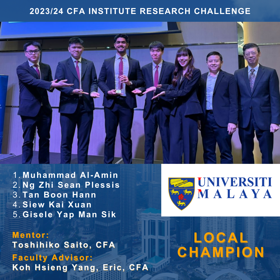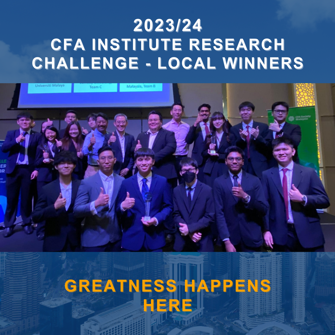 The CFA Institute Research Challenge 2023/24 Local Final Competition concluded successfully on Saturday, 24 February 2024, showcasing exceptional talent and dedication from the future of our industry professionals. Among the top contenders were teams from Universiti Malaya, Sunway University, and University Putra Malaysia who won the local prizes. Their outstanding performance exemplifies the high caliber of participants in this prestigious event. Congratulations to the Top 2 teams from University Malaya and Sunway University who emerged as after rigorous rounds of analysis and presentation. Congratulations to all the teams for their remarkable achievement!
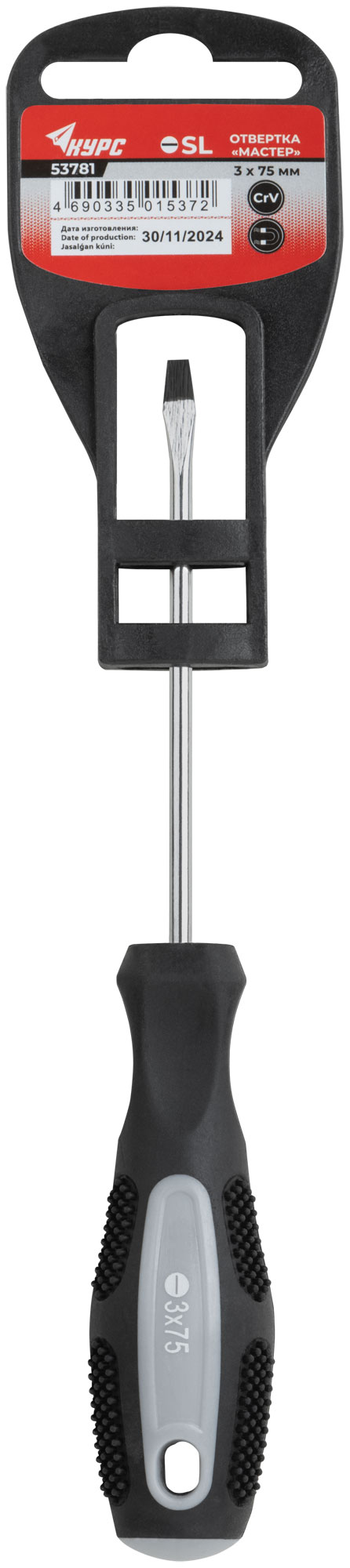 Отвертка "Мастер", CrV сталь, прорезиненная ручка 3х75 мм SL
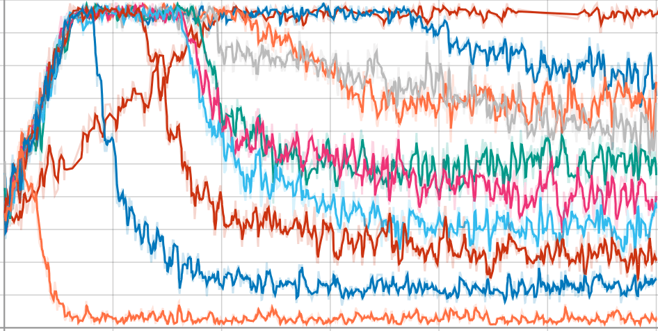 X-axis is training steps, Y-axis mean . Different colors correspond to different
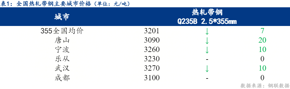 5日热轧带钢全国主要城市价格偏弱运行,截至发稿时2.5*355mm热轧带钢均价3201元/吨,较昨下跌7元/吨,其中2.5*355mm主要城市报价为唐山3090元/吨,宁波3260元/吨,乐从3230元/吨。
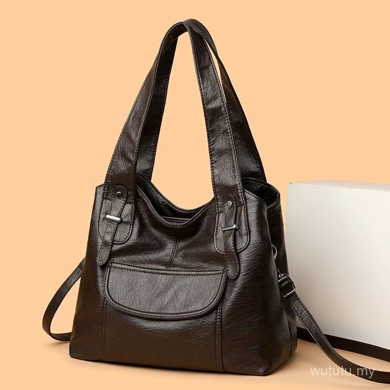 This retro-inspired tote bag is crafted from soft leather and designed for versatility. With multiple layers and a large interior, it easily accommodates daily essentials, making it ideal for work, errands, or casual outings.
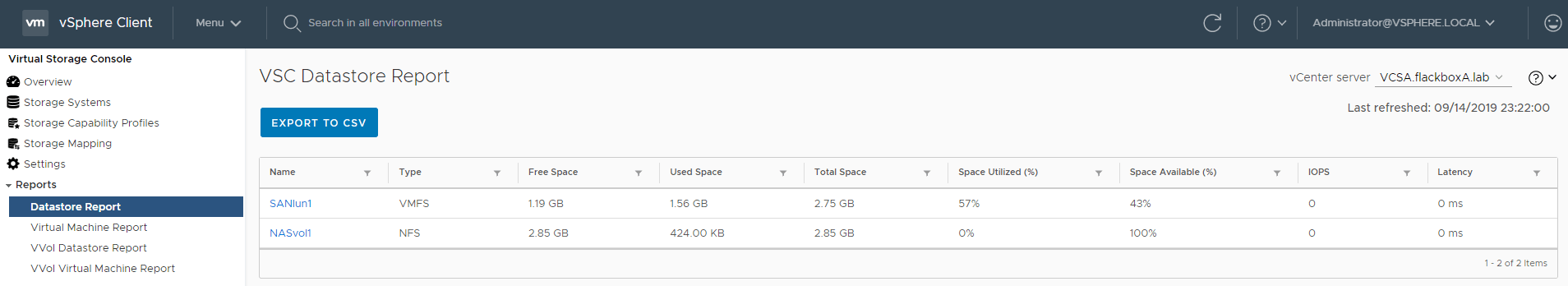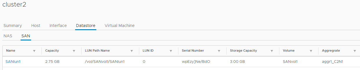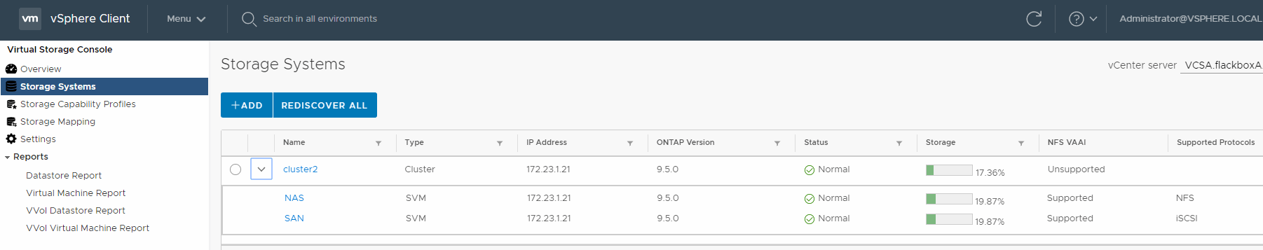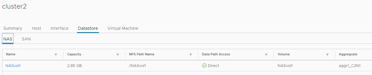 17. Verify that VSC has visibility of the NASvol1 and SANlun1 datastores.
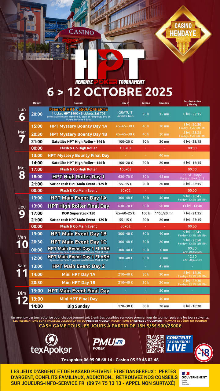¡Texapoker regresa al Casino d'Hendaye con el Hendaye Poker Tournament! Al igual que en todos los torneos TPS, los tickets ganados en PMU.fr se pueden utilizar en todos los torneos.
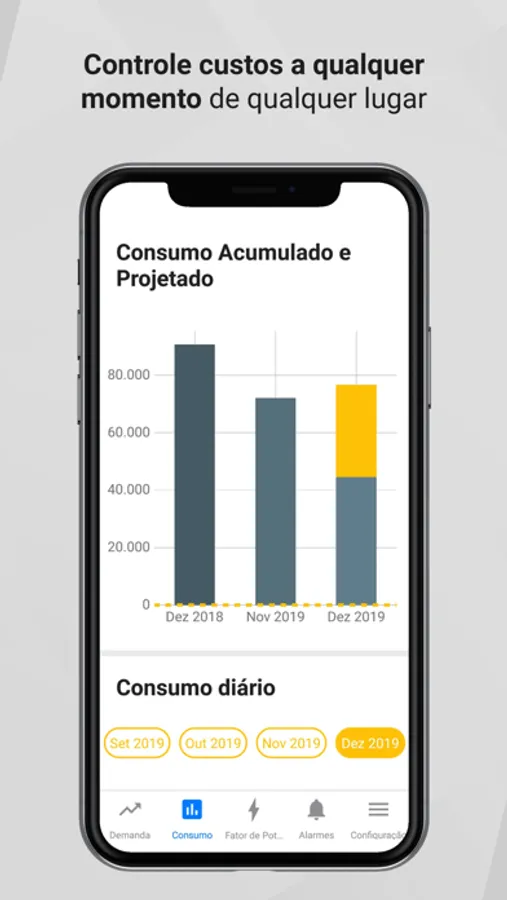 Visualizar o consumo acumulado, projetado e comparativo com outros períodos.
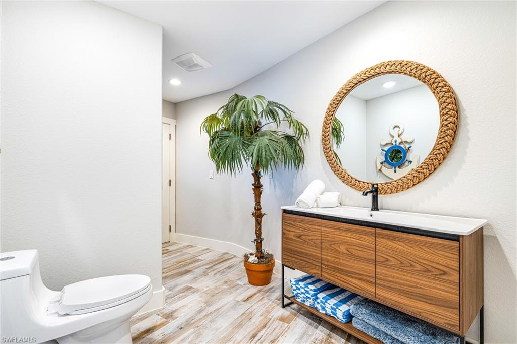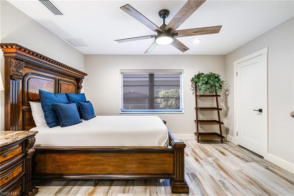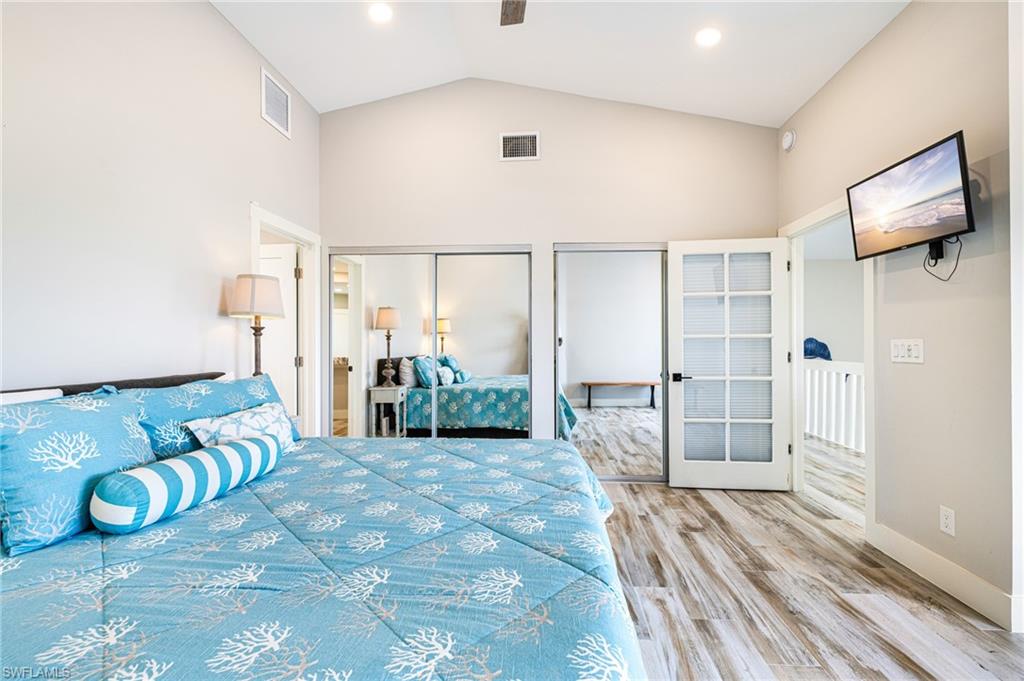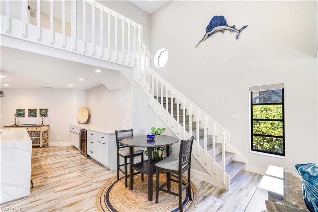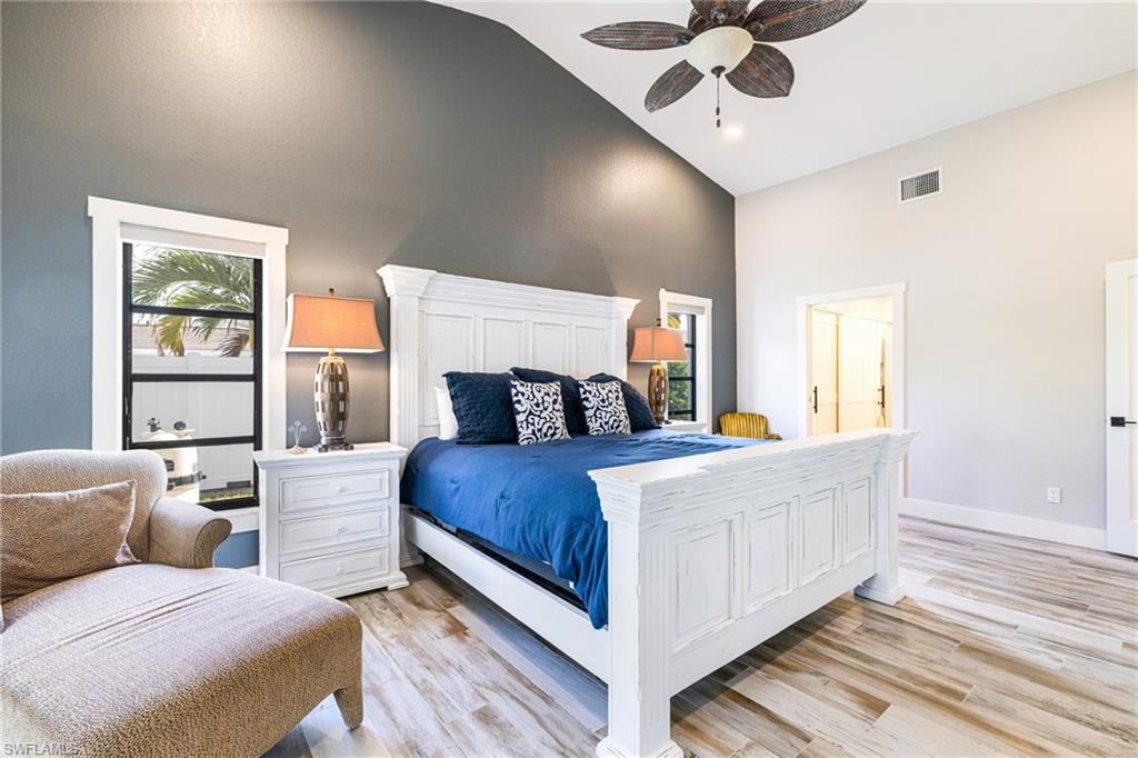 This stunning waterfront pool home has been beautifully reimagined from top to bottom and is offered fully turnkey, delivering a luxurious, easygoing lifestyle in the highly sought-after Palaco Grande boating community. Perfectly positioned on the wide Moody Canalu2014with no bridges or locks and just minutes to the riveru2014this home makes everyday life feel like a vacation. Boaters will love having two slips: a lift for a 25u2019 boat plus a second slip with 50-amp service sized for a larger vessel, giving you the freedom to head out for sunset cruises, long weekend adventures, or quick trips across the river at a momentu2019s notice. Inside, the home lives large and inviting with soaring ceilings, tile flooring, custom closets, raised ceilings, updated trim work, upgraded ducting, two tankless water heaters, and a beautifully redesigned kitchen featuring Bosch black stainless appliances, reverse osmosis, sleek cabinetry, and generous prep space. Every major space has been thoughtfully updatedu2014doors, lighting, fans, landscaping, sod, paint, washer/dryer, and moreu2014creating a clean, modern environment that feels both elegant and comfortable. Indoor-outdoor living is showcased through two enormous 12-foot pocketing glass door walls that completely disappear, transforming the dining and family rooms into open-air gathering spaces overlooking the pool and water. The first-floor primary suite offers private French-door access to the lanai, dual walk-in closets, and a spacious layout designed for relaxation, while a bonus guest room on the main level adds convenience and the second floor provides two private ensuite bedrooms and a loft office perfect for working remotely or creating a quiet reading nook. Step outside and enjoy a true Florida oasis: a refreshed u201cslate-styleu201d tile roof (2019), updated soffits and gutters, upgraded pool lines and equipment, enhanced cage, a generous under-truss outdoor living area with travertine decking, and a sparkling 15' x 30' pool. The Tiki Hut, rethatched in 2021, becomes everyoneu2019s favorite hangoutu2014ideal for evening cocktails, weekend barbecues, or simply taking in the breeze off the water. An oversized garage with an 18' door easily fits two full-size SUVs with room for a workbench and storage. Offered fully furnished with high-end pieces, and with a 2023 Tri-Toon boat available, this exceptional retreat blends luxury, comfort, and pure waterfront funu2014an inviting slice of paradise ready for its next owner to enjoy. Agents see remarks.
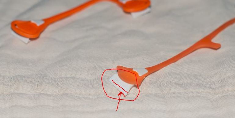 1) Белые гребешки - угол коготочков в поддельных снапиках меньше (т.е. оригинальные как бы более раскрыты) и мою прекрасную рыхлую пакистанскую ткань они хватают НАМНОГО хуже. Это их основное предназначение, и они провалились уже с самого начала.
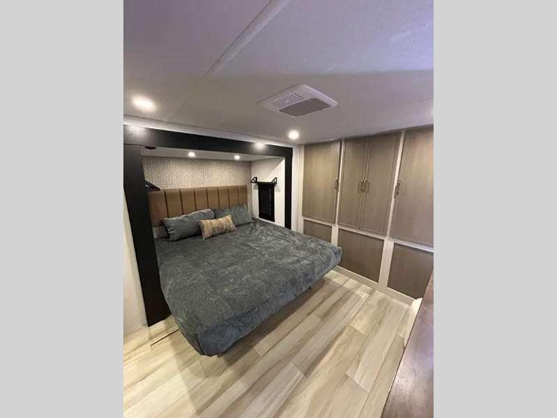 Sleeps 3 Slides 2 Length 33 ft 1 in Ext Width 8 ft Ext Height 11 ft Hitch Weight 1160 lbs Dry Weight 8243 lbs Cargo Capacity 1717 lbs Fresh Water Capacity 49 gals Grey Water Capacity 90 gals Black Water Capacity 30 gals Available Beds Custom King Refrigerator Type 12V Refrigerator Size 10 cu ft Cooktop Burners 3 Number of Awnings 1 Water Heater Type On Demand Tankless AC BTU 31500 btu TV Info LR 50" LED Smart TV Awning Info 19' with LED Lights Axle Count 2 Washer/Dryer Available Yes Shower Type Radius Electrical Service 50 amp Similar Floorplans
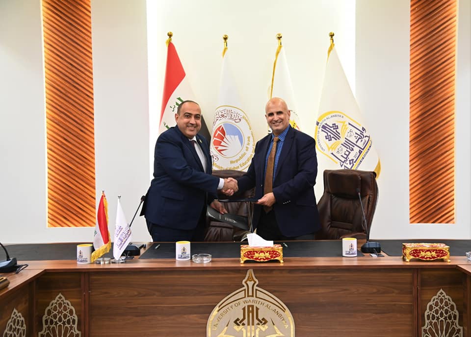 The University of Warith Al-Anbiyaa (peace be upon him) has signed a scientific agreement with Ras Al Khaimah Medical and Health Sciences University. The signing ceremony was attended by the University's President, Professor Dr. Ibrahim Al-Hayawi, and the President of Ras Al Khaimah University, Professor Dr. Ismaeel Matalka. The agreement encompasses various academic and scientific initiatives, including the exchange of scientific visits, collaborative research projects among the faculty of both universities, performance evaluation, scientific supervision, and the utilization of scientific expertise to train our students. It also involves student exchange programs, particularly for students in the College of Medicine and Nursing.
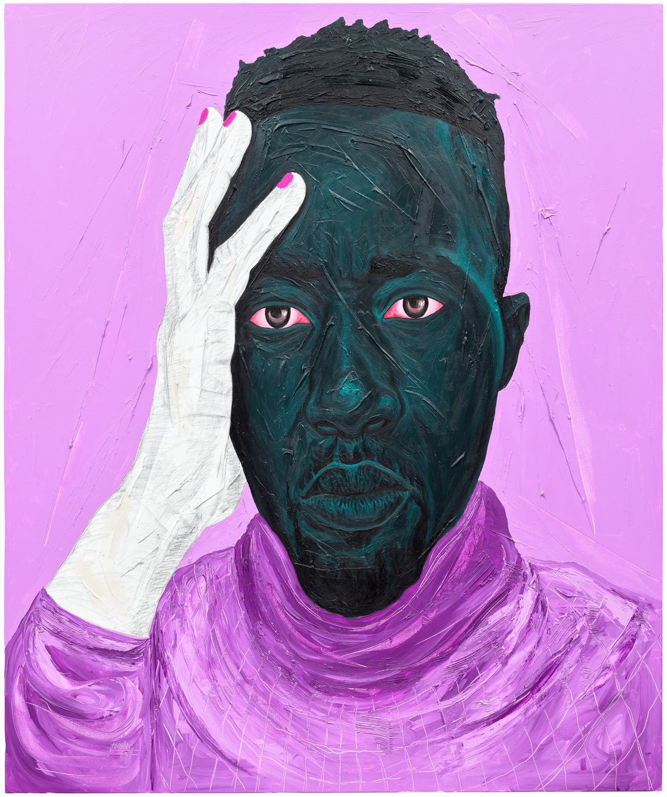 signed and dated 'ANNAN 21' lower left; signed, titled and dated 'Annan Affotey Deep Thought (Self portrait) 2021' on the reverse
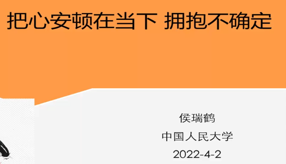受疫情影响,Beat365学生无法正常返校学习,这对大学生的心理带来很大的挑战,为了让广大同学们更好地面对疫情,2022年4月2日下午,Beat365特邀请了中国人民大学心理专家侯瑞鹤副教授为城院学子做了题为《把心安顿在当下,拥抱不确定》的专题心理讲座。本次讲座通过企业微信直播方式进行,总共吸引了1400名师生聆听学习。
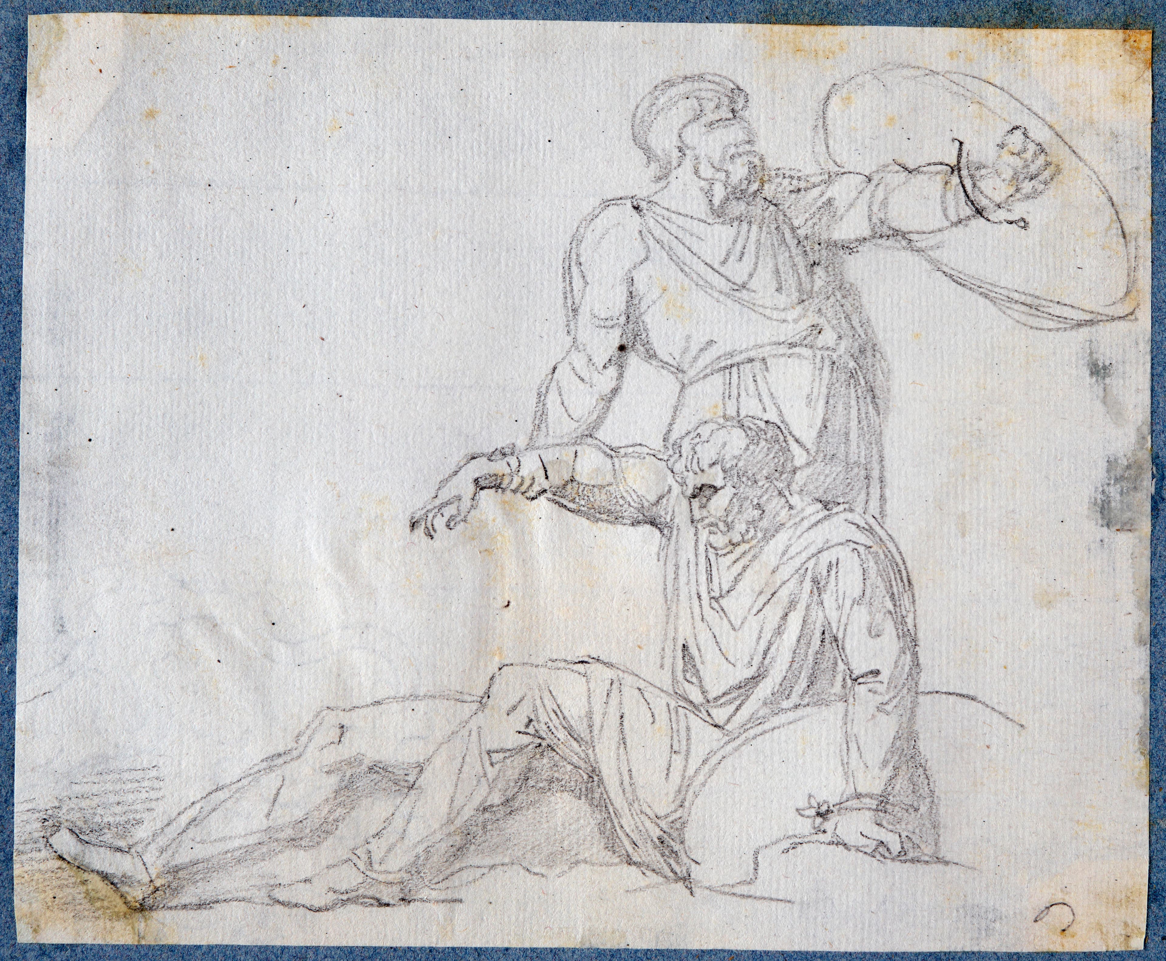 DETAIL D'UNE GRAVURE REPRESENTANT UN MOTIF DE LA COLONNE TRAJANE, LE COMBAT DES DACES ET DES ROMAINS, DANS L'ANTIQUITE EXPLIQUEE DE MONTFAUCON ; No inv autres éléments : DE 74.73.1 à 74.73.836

################

Task requirements
In the copy, include no pictures; restate the listing above exactly.

Exercise result
 The CFA Institute Research Challenge 2023/24 Local Final Competition concluded successfully on Saturday, 24 February 2024, showcasing exceptional talent and dedication from the future of our industry professionals. Among the top contenders were teams from Universiti Malaya, Sunway University, and University Putra Malaysia who won the local prizes. Their outstanding performance exemplifies the high caliber of participants in this prestigious event. Congratulations to the Top 2 teams from University Malaya and Sunway University who emerged as after rigorous rounds of analysis and presentation. Congratulations to all the teams for their remarkable achievement!
 Отвертка "Мастер", CrV сталь, прорезиненная ручка 3х75 мм SL
 X-axis is training steps, Y-axis mean . Different colors correspond to different
 5日热轧带钢全国主要城市价格偏弱运行,截至发稿时2.5*355mm热轧带钢均价3201元/吨,较昨下跌7元/吨,其中2.5*355mm主要城市报价为唐山3090元/吨,宁波3260元/吨,乐从3230元/吨。
 This retro-inspired tote bag is crafted from soft leather and designed for versatility. With multiple layers and a large interior, it easily accommodates daily essentials, making it ideal for work, errands, or casual outings.
 17. Verify that VSC has visibility of the NASvol1 and SANlun1 datastores.
¡Texapoker regresa al Casino d'Hendaye con el Hendaye Poker Tournament! Al igual que en todos los torneos TPS, los tickets ganados en PMU.fr se pueden utilizar en todos los torneos.
 Visualizar o consumo acumulado, projetado e comparativo com outros períodos.
 This stunning waterfront pool home has been beautifully reimagined from top to bottom and is offered fully turnkey, delivering a luxurious, easygoing lifestyle in the highly sought-after Palaco Grande boating community. Perfectly positioned on the wide Moody Canalu2014with no bridges or locks and just minutes to the riveru2014this home makes everyday life feel like a vacation. Boaters will love having two slips: a lift for a 25u2019 boat plus a second slip with 50-amp service sized for a larger vessel, giving you the freedom to head out for sunset cruises, long weekend adventures, or quick trips across the river at a momentu2019s notice. Inside, the home lives large and inviting with soaring ceilings, tile flooring, custom closets, raised ceilings, updated trim work, upgraded ducting, two tankless water heaters, and a beautifully redesigned kitchen featuring Bosch black stainless appliances, reverse osmosis, sleek cabinetry, and generous prep space. Every major space has been thoughtfully updatedu2014doors, lighting, fans, landscaping, sod, paint, washer/dryer, and moreu2014creating a clean, modern environment that feels both elegant and comfortable. Indoor-outdoor living is showcased through two enormous 12-foot pocketing glass door walls that completely disappear, transforming the dining and family rooms into open-air gathering spaces overlooking the pool and water. The first-floor primary suite offers private French-door access to the lanai, dual walk-in closets, and a spacious layout designed for relaxation, while a bonus guest room on the main level adds convenience and the second floor provides two private ensuite bedrooms and a loft office perfect for working remotely or creating a quiet reading nook. Step outside and enjoy a true Florida oasis: a refreshed u201cslate-styleu201d tile roof (2019), updated soffits and gutters, upgraded pool lines and equipment, enhanced cage, a generous under-truss outdoor living area with travertine decking, and a sparkling 15' x 30' pool. The Tiki Hut, rethatched in 2021, becomes everyoneu2019s favorite hangoutu2014ideal for evening cocktails, weekend barbecues, or simply taking in the breeze off the water. An oversized garage with an 18' door easily fits two full-size SUVs with room for a workbench and storage. Offered fully furnished with high-end pieces, and with a 2023 Tri-Toon boat available, this exceptional retreat blends luxury, comfort, and pure waterfront funu2014an inviting slice of paradise ready for its next owner to enjoy. Agents see remarks.
 1) Белые гребешки - угол коготочков в поддельных снапиках меньше (т.е. оригинальные как бы более раскрыты) и мою прекрасную рыхлую пакистанскую ткань они хватают НАМНОГО хуже. Это их основное предназначение, и они провалились уже с самого начала.
 Sleeps 3 Slides 2 Length 33 ft 1 in Ext Width 8 ft Ext Height 11 ft Hitch Weight 1160 lbs Dry Weight 8243 lbs Cargo Capacity 1717 lbs Fresh Water Capacity 49 gals Grey Water Capacity 90 gals Black Water Capacity 30 gals Available Beds Custom King Refrigerator Type 12V Refrigerator Size 10 cu ft Cooktop Burners 3 Number of Awnings 1 Water Heater Type On Demand Tankless AC BTU 31500 btu TV Info LR 50" LED Smart TV Awning Info 19' with LED Lights Axle Count 2 Washer/Dryer Available Yes Shower Type Radius Electrical Service 50 amp Similar Floorplans
 The University of Warith Al-Anbiyaa (peace be upon him) has signed a scientific agreement with Ras Al Khaimah Medical and Health Sciences University. The signing ceremony was attended by the University's President, Professor Dr. Ibrahim Al-Hayawi, and the President of Ras Al Khaimah University, Professor Dr. Ismaeel Matalka. The agreement encompasses various academic and scientific initiatives, including the exchange of scientific visits, collaborative research projects among the faculty of both universities, performance evaluation, scientific supervision, and the utilization of scientific expertise to train our students. It also involves student exchange programs, particularly for students in the College of Medicine and Nursing.
 signed and dated 'ANNAN 21' lower left; signed, titled and dated 'Annan Affotey Deep Thought (Self portrait) 2021' on the reverse
受疫情影响,Beat365学生无法正常返校学习,这对大学生的心理带来很大的挑战,为了让广大同学们更好地面对疫情,2022年4月2日下午,Beat365特邀请了中国人民大学心理专家侯瑞鹤副教授为城院学子做了题为《把心安顿在当下,拥抱不确定》的专题心理讲座。本次讲座通过企业微信直播方式进行,总共吸引了1400名师生聆听学习。
 DETAIL D'UNE GRAVURE REPRESENTANT UN MOTIF DE LA COLONNE TRAJANE, LE COMBAT DES DACES ET DES ROMAINS, DANS L'ANTIQUITE EXPLIQUEE DE MONTFAUCON ; No inv autres éléments : DE 74.73.1 à 74.73.836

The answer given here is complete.